BLE, or Bluetooth® Low Energy, is wireless communication technology built to communicate and exchange data within a short range. It requires little battery power to operate and can quickly transfer small data packets to compatible devices. Today, virtually all smartphones, wearable technologies and other mobile devices can read and broadcast BLE data.
It all starts with a device called a beacon, which is a Bluetooth transmitter that broadcasts its presence. True to its name, a beacon transmits small increments of data to nearby compatible devices as often as every millisecond. Each beacon has a unique identifier, making it easy to distinguish between other beacons.
Companies use Bluetooth Low Energy for a variety of purposes, including supply chain management. Because each beacon has a unique identifier and communicates with other nearby beacons, companies use this technology to track equipment, assets, and employees. In addition, its low battery consumption makes it the ideal technology for these applications.
In addition to its low battery consumption, which is a major difference from Classic Bluetooth, BLE also offers greater device connectivity than its classic counterpart. While Classic Bluetooth can connect seven devices at once, BLE can simultaneously connect 20.
While its most common applications occur in the retail sector, most industries use BLE to identify, track and manage valuable assets. Here are several ways this technology can help your operations.
Bluetooth Low Energy is frequently used in asset tracking efforts. Companies will tag each item they’d like to track with beacon tags. This beacon broadcasts its unique ID to a BLE gateway (reader), which records the signal strength and data of the asset. This method makes it easy to maintain oversight of each unique asset with little human intervention, maximizing your workforce’s productivity.
In addition to tracking the asset’s location, BLE sensor beacons can record other sets of data as well, such as temperature, movement and speed.

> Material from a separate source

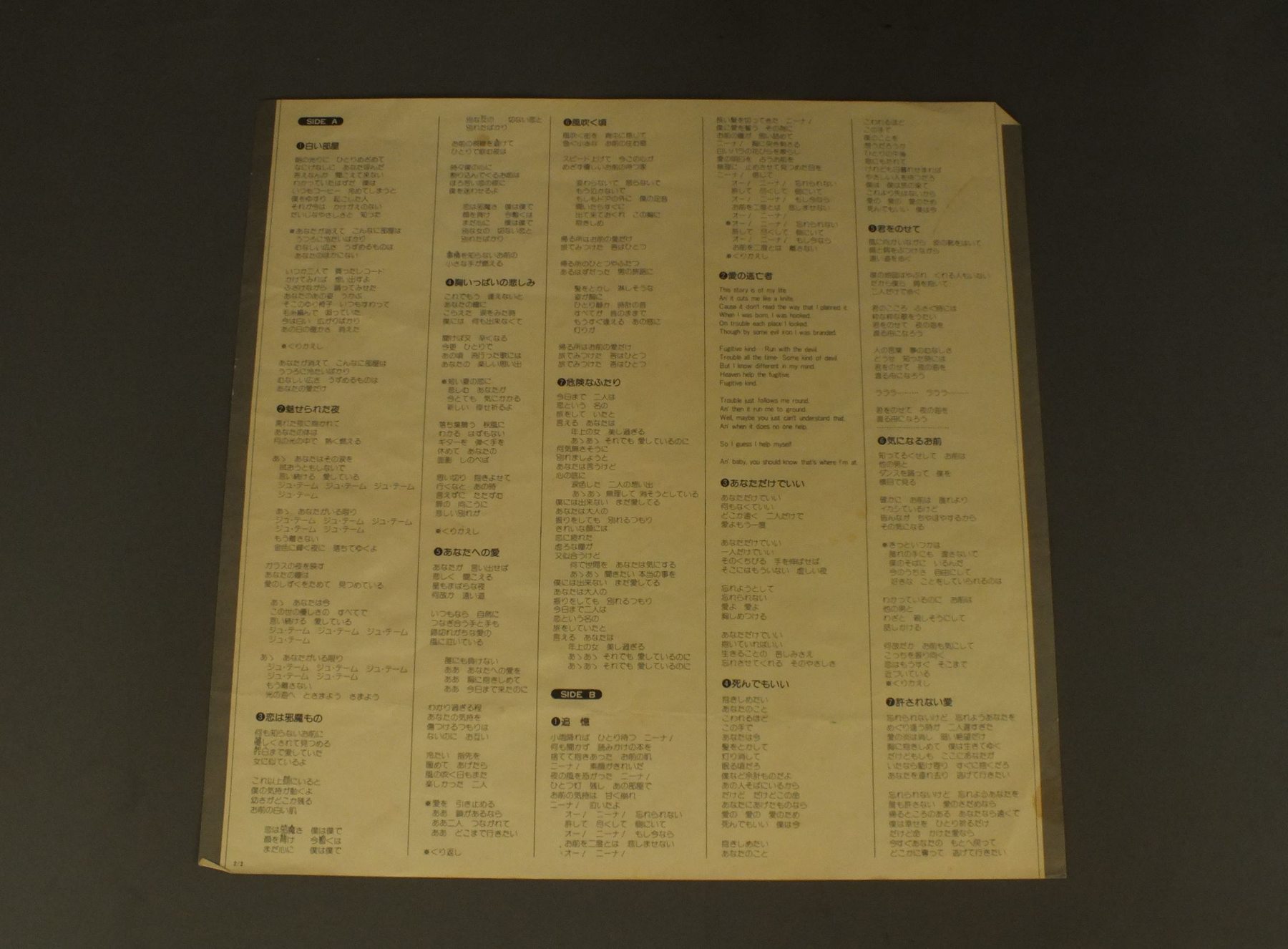 KENJI SAWADA沢田研二/PERFECT 14パーフェクト14 MR7501 製造国:日本盤 / Media:LP外観:EX盤の状態:VG+帯:EX 価格(税込):¥440(売約済) 送料 7inch:定形外郵便 360円~LP:定形外郵便 660円~送料は、注文の最終画面で確認頂けます。 > > KENJI SAWADA/PERFECT 14 外観 (EX)特記事項:天抜け。カードによごれやシワ外観EXの共通説明:ダメージが限定的。中古品としては保存状態がよい方。シミ、ヨゴレ、スレ 少し~軽度。 盤の状態 (VG+)特記事項:薄いスリキズ・細かいスレやや多め。プチ出そうな小キズ、線キズは数カ所で、全体的には軽微なものが中心です。少し聴いてみましたが、音自体はしっかりクリアーに鳴っているようでした。盤VG+の共通説明:盤面にスリキズが多少~やや有り、音に出そうなものも多少ある。 帯の状態 (EX):特記なし。 Tweet それぞれの画像をクリックすると、大きい写真が見られます こちらの商品もお勧めです 1,650円 MOMOE YAMAGUCHI山口百恵 / MOBIUS`S GAMEメビウス・ゲーム 990円 MASAMICHI SUGI杉真理 / STARGAZERスターゲイザー 770円 CHAGE & ASUKAチャゲ&飛鳥 / 4th ALBUN 21 CENTURY21世紀 880円 YOUSUI INOUE井上陽水 / EVERY NIGHT 1,320円 SHOGO HAMADA & THE FUSE浜田省吾 / CLUB SURFBOUND 770円 MIYUKI NAKAJIMA中島みゆき / OAKERINASAIおかえりなさい 990円 MIKI ASAKURA麻倉未稀 / LOVE AGAIN 1,320円 MARI AMACHI天地真理 / WHISPERING GREENLEAVES若葉のささやき/さよならだけ残して

Personnel tracking uses the BLE beacon embedded in company-owned mobile computers or employee IDs to track their employees throughout the job site. Whether you want to monitor daily operations or to locate employees in emergencies, personnel tracking ensures you have complete oversight of your workers. One example of BLE in action is Zebra’s MotionWorks Proximity, which uses the beacons in mobile computers to enforce social distancing protocols.
Beyond personnel tracking, companies also use this technology to track customers in unique situations. For example, hospitals and nursing homes use BLE to track patients who are at risk of getting lost.
Retail stores often use BLE in their marketing efforts. Because BLE is in virtually every smartphone device, marketing experts can advertise products to consumers based on their recorded location. If a customer interacts with a product tagged with BLE in-store, stores will also use that data to remarket that product online.